In some implementations, the wireless device includes a plurality of SIMs. For example, the plurality of SIMs includes the first subscriber identity module (e.g., SIM1) and the second first subscriber identity module (e.g., SIM2), and the SIM1 is used to communicate with the first network, and the SIM2 is used to communicate with the second network.

It will be appreciated that the present document discloses techniques that can be embodied in various embodiments to determine downlink control information in wireless networks. The disclosed and other embodiments, modules and the functional operations described in this document can be implemented in digital electronic circuitry, or in computer software, firmware, or hardware, including the structures disclosed in this document and their structural equivalents, or in combinations of one or more of them.
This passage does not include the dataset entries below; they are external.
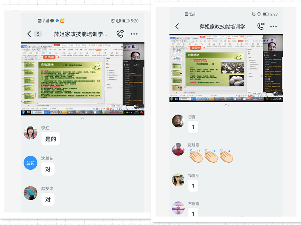 培训采用钉钉线上直播间方式进行,主要围绕家政服务员的职业道德、个人素养,婴幼儿科学育喂养、护理及教育,老人陪护和生活照料、以及社会主义核心价值观、新民风建设、新冠肺炎病毒防控知识等内容。培训总课时不少于30节。参与培训的学员都能按时上课、认真听课、积极上互动。截止目前已有100余人进入了本次线上直播间。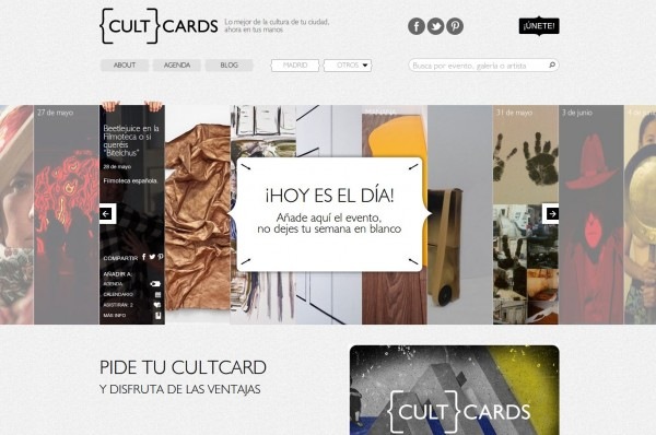 Así podemos definir rápidamente CultCards (cultcards.es), un nuevo proyecto que, además de mostrar lo que se cuece en nuestra región (ya hay datos de Madrid, Barcelona y Valencia) propone eventos exclusivos para sus clientes.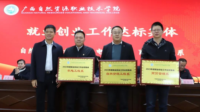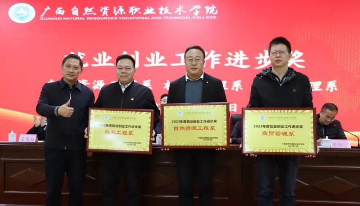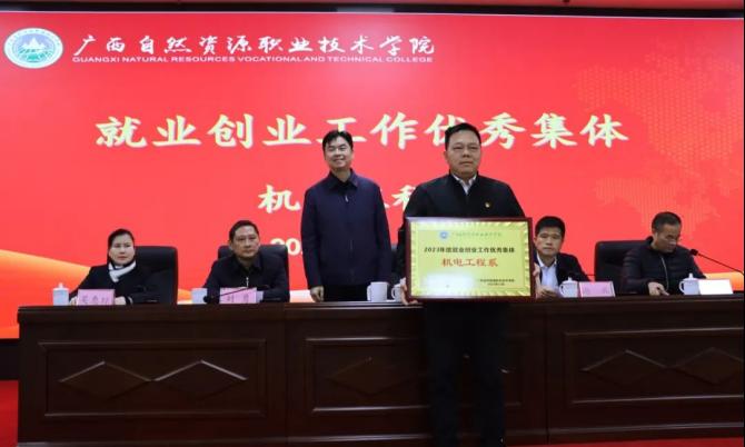 会上,韦绍宁宣读了《pp电子官方网站关于2023年毕业生就业创业工作考核结果的通知》。大会授予机电工程系“就业创业工作优秀集体”荣誉称号;授予自然资源工程系、机电工程系、商贸工程系“就业创业工作达标集体”、“就业工作进步奖”荣誉称号;授予60名教职工“就业创业工作优秀个人”荣誉称号;授予1215名毕业生“就业鼓励奖”。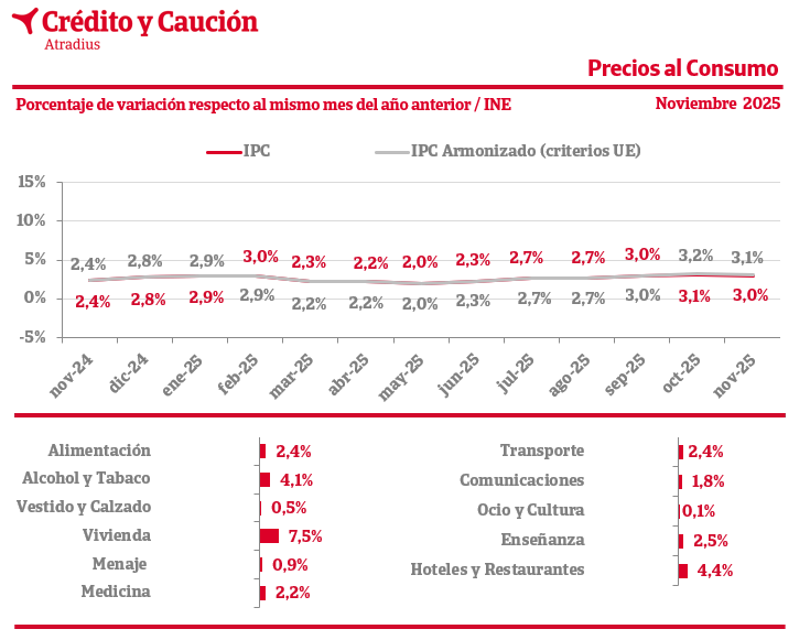 En noviembre de 2025, el Índice de Precios de Consumo español (IPC) se sitúa en el 3% interanual, según los datos adelantados del INE.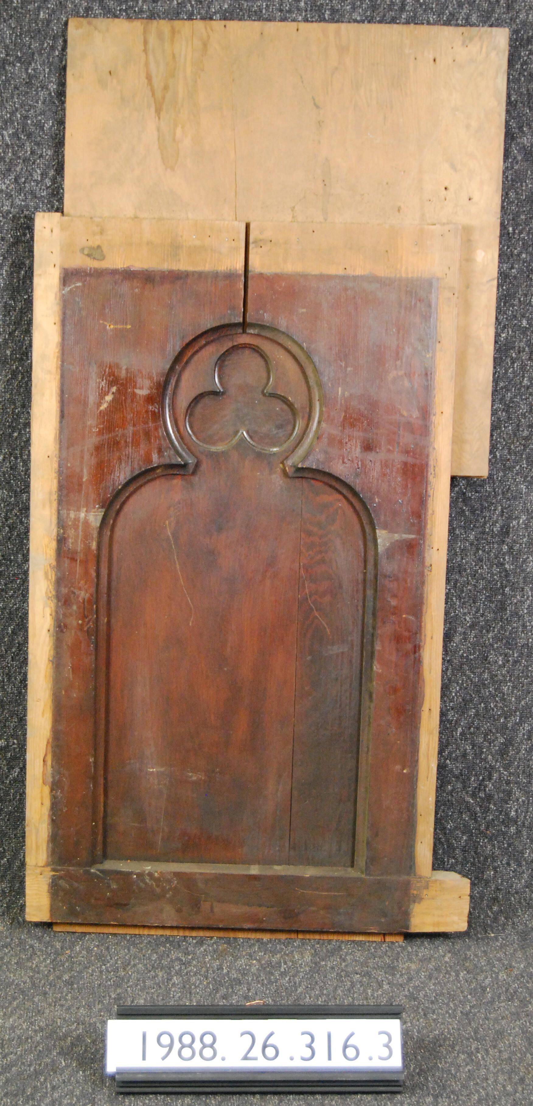 Interior wood panel. Originally part of church choir screen. Gothic revival style. Recessed panel with trefoil. Made of Douglas Fir. Varnished.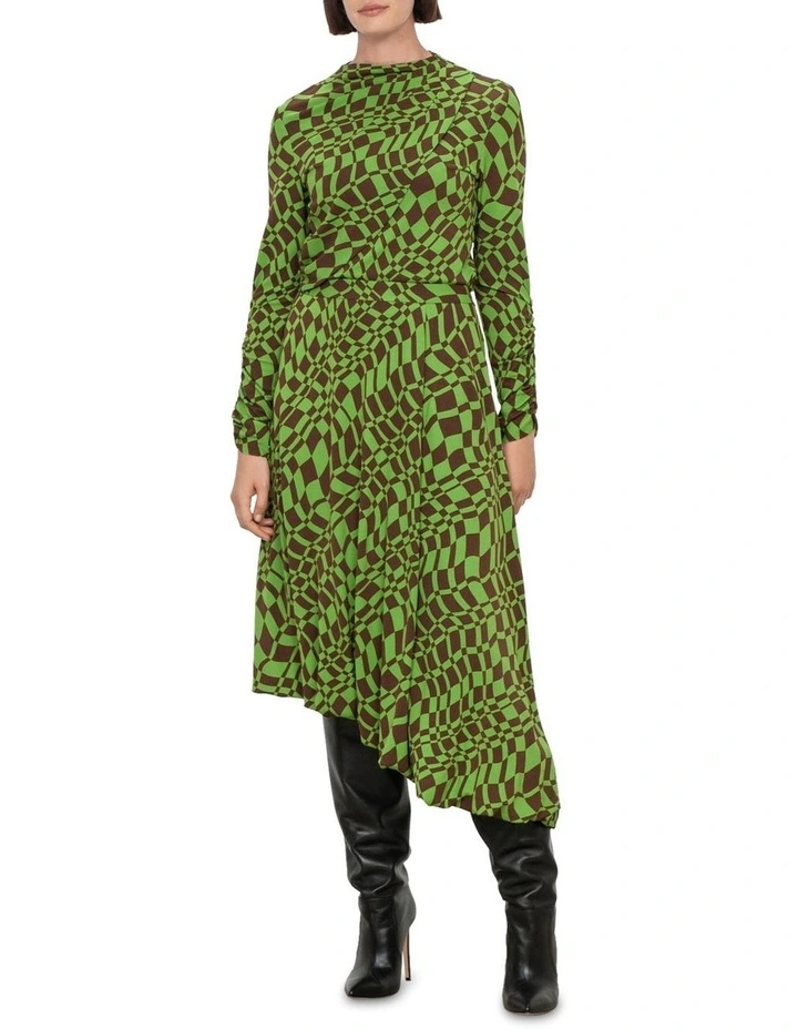 Draped in a viscose blend jersey, this top features our custom Distorted Check print. Lightweight and stretchy, this top with ruched sleeves and a front drape overlay detail looks great layered under coats. Pair back with the Check Jersey Bubble Skirt and finish with knee high boots for an effortless look.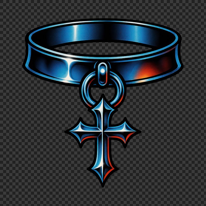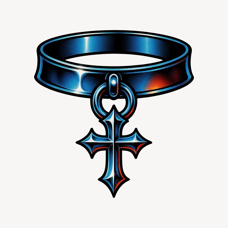 PNG Metallic choker with cross pendant. https://www.rawpixel.com/image/21691667/png-metallic-choker-with-cross-pendantView license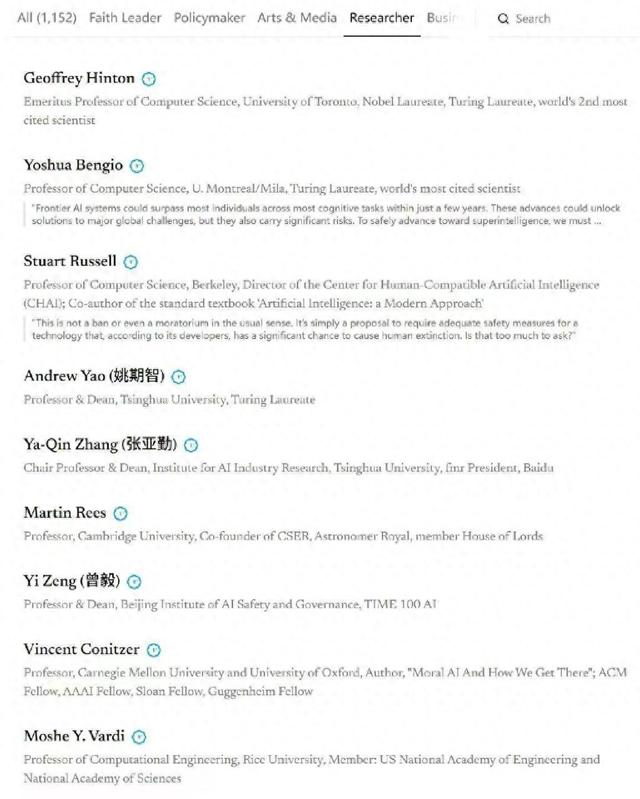 截至10月23日中午,这份声明的签署人数已经达3193人。中国科学院院士、图灵奖得主姚期智、清华大学智能科学讲席教授、智能产业研究院院长张亚勤,以及清华大学战略与安全研究中心学术委员、苏世民书院院长薛澜等中国学者也位列其中。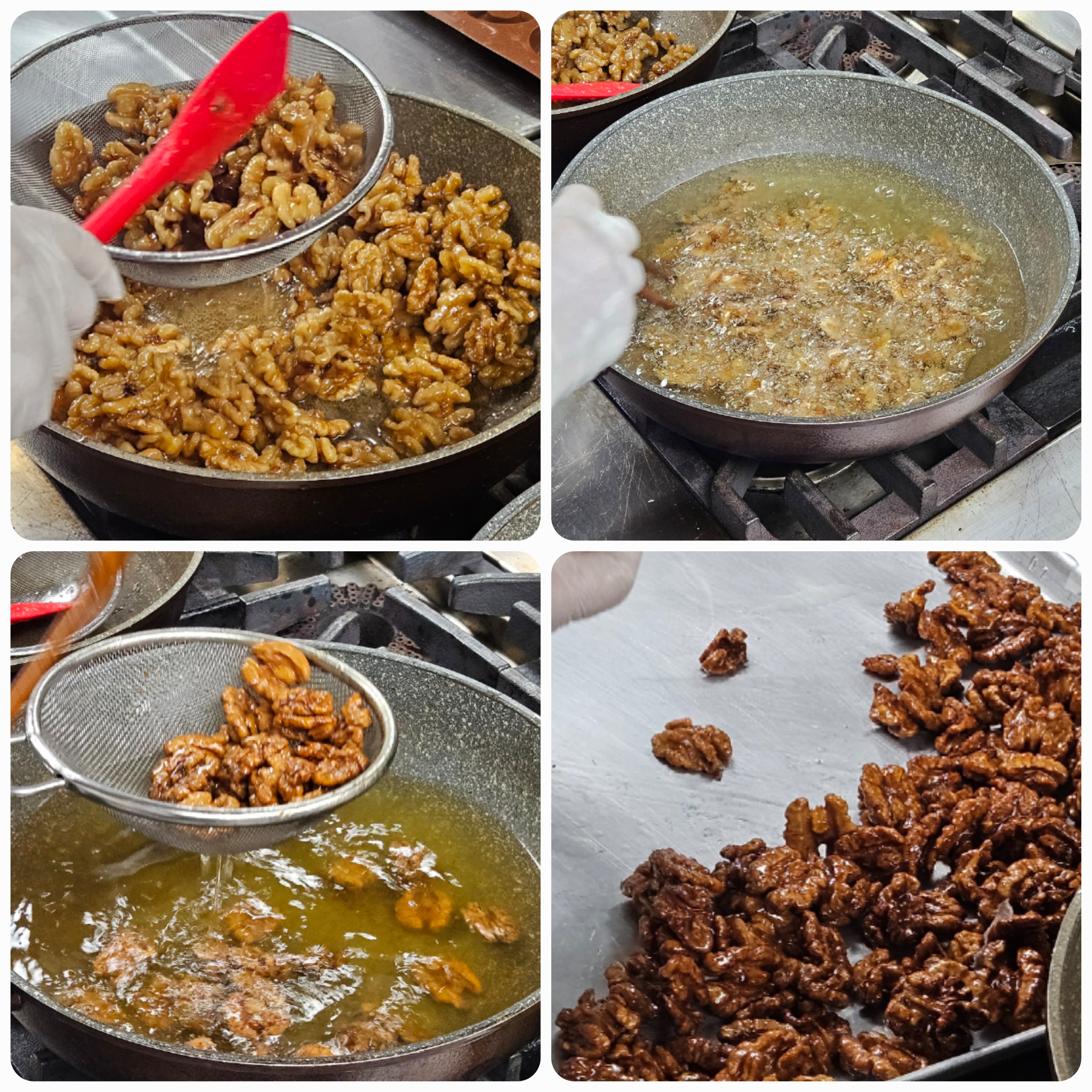 08. 설탕물에 졸인 호두를 기름에 넣고 튀겨줌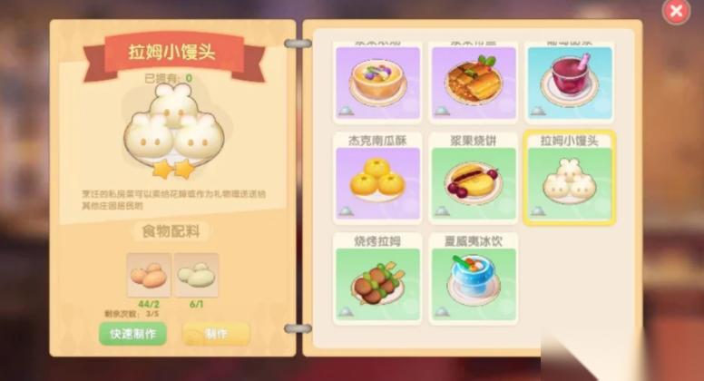 拉姆小馒头的原材料为鸡蛋和鸭蛋,属于基础菜谱无需额外解锁。制作过程中每次烹饪默认产出8份成品,单份售价71摩尔豆,保温时间为2分30秒。若通过尼克餐厅的烤箱制作,则需提前准备面粉,面粉可通过家园种植小麦后加工获得。两种制作途径的成品属性一致,仅消耗资源和时间存在差异。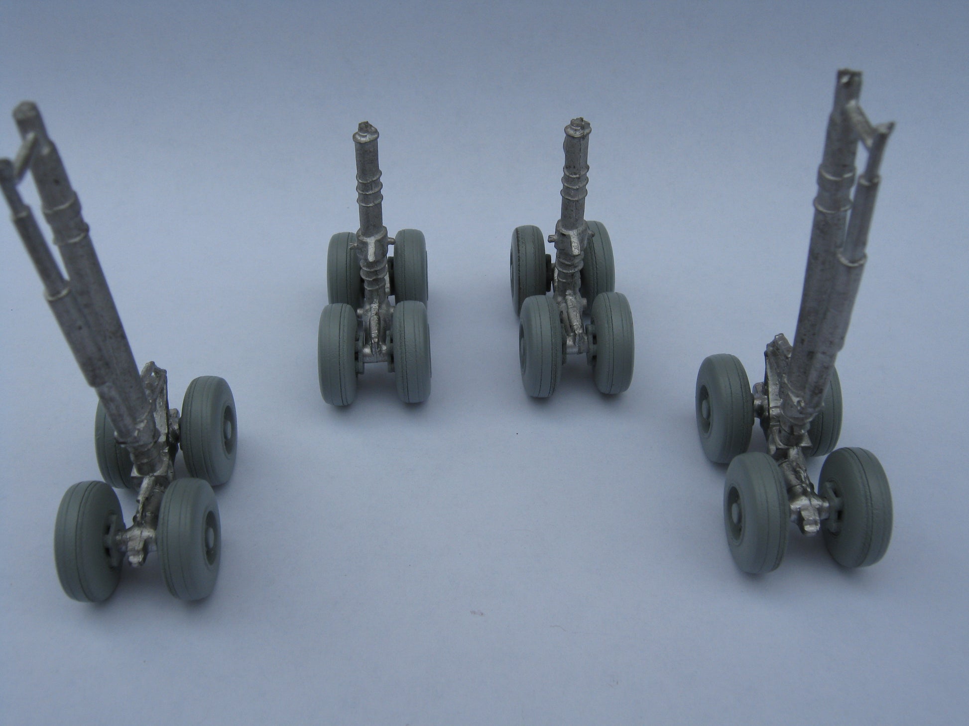 Super detailed wheels (49 x 17 inch tire size) with brake puck assemblies and circumferential treads. Drop-in replacements for the soft metal wheels included with the kit. These are also the correct wheels for modeling the VC-25A Air Force One.

The disclosed and other embodiments can be implemented as one or more computer program products, i.e., one or more modules of computer program instructions encoded on a computer readable medium for execution by, or to control the operation of, data processing apparatus. The computer readable medium can be a machine-readable storage device, a machine-readable storage substrate, a memory device, a composition of matter effecting a machine-readable propagated signal, or a combination of one or more them. The term “data processing apparatus” encompasses all apparatus, devices, and machines for processing data, including by way of example a programmable processor, a computer, or multiple processors or computers. The apparatus can include, in addition to hardware, code that creates an execution environment for the computer program in question, e.g., code that constitutes processor firmware, a protocol stack, a database management system, an operating system, or a combination of one or more of them. A propagated signal is an artificially generated signal, e.g., a machine-generated electrical, optical, or electromagnetic signal, that is generated to encode information for transmission to suitable receiver apparatus.

A computer program (also known as a program, software, software application, script, or code) can be written in any form of programming language, including compiled or interpreted languages, and it can be deployed in any form, including as a stand-alone program or as a module, component, subroutine, or other unit suitable for use in a computing environment. A computer program does not necessarily correspond to a file in a file system. A program can be stored in a portion of a file that holds other programs or data (e.g., one or more scripts stored in a markup language document), in a single file dedicated to the program in question, or in multiple coordinated files (e.g., files that store one or more modules, sub programs, or portions of code). A computer program can be deployed to be executed on one computer or on multiple computers that are located at one site or distributed across multiple sites and interconnected by a communication network.

The processes and logic flows described in this document can be performed by one or more programmable processors executing one or more computer programs to perform functions by operating on input data and generating output. The processes and logic flows can also be performed by, and apparatus can also be implemented as, special purpose logic circuitry, e.g., an FPGA (field programmable gate array) or an ASIC (application specific integrated circuit).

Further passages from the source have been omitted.